Dichelus timidus

Scientific classification
- Kingdom: Animalia
- Phylum: Arthropoda
- Class: Insecta
- Order: Coleoptera
- Suborder: Polyphaga
- Infraorder: Scarabaeiformia
- Family: Scarabaeidae
- Genus: Dichelus
- Species: D. timidus
- Binomial name: Dichelus timidus (Burmeister, 1844)
- Synonyms: Ischnochelus timidus Burmeister, 1844;

= Dichelus timidus =

- Genus: Dichelus
- Species: timidus
- Authority: (Burmeister, 1844)
- Synonyms: Ischnochelus timidus Burmeister, 1844

Species of beetle

Dichelus timidus is a species of beetle of the family Scarabaeidae. It is found in South Africa (Northern Cape).

== Description ==
Adults reach a length of about 4-4.5 mm. Males are black, with the elytra light testaceous, but somewhat infuscate in the anterior part.
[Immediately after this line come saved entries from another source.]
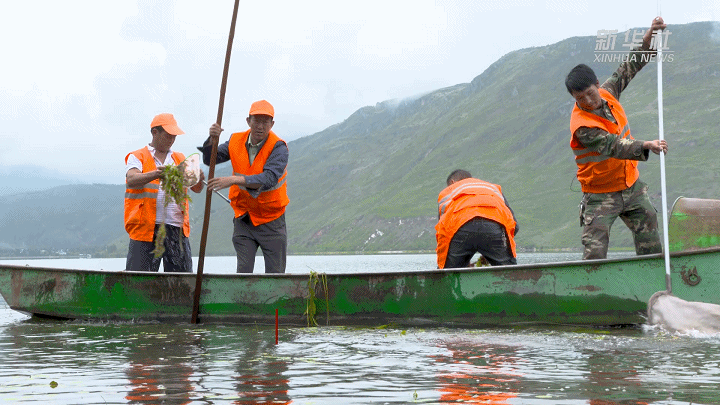 辰时(07:00-09:00),小楫轻舟,波纹跳荡,环保人员清捞水草,将湖光序曲奏响。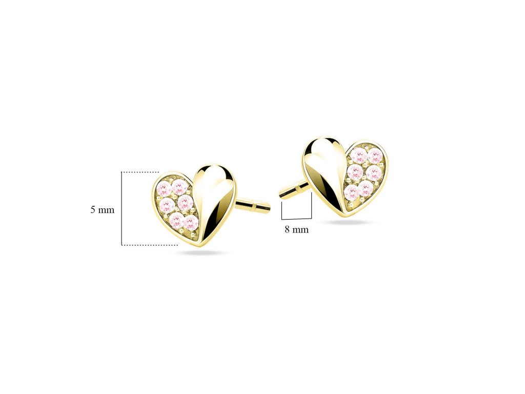 Srdiečkové náušnice DU 70585 zo žltého zlata s ružovými kamienkami, zapínanie balónik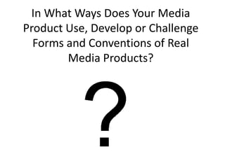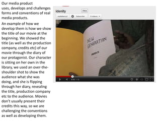 The media product uses, develops, and challenges conventions of real media. It develops conventions by showing the title through a diary being flipped through. It challenges conventions by doing this rather than typical title presentation. It uses conventions like establishing shots to set the scene and introduce the protagonist. The product challenges conventions by having a dual protagonist, one of whom is a black female, which expands its audience. It was influenced by the film Juno and aims to capture a similar atmosphere.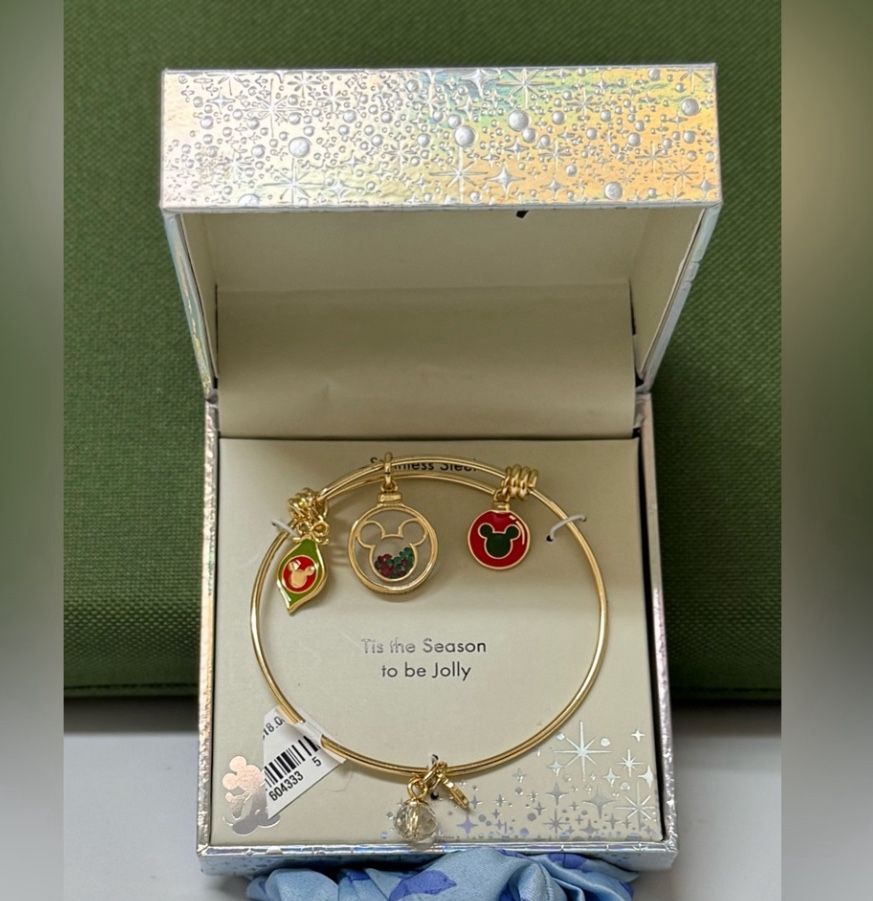 Disney "Tis the Season to be Jolly" Mickey Mouse Christmas Holiday Bangle Bracelet. It is a gold-toned, stainless steel bangle with Christmas-themed Mickey Mouse charms. The charms include two Mickey Mouse Christmas ornament charms and one clear crystal ball charm. The bracelet and charms are part of the Disney Holiday Collection. New with tags and comes in its original packaging.

The legs are rufescent. The head is very briefly pubescent, and very rugose. The pronotum is very closely scabroso-punctate almost all over, and very briefly pubescent, but having along the base and also the outer margin a narrow band of slightly flavescent, appressed, sub-squamose hairs, and a few similar ones in the posterior part of the deep, median sulcus. The scutellum is densely scaly. The elytra have a broad band of somewhat closely set, ovate, flavescent scales along the suture, which is continued round the apical part, and ascends along the outer margins to the humeral part, the space between this sutural and outer marginal band is filled with somewhat remote but similar scales which do not, however, form bands. Female are similar to males, but the elytra are a little less infuscate behind, and the scales are replaced by squamiform hairs.